Work request
Verbatim copy, images omitted: return the full listing.

Provided data
::::
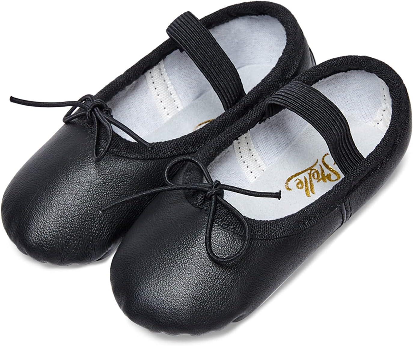 Stelle Ballet Shoes for Girls Toddler Genuine Leather Ballet Dance Slippers for Toddler/Little/Big Kids/Boys(Black)
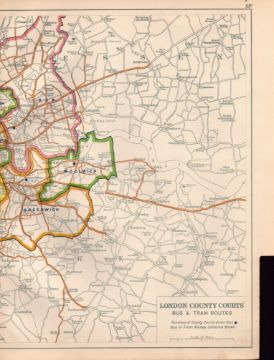 Bacons Vintage London County Courts Bus & Tram Routes Coloured Map.
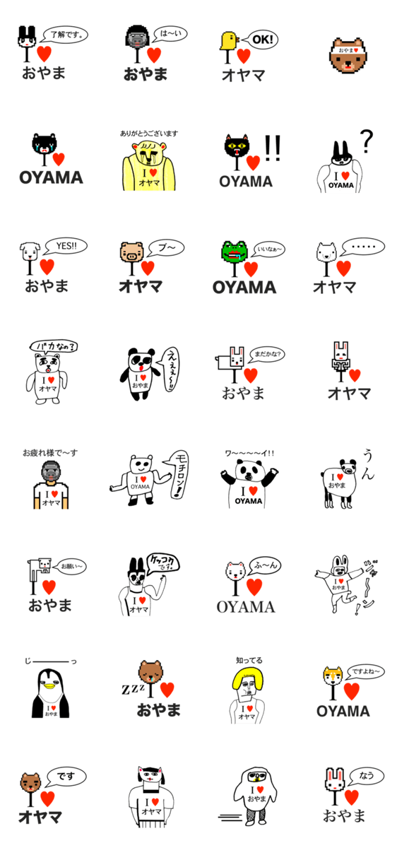 オヤマ(おやま・小山・雄山・女形・尾山・御山・飾山・親間・緒山)さんに送れる名前(名字・苗字)スタンプです。
::::
Written reply
 Stelle Ballet Shoes for Girls Toddler Genuine Leather Ballet Dance Slippers for Toddler/Little/Big Kids/Boys(Black)
 Bacons Vintage London County Courts Bus & Tram Routes Coloured Map.
 オヤマ(おやま・小山・雄山・女形・尾山・御山・飾山・親間・緒山)さんに送れる名前(名字・苗字)スタンプです。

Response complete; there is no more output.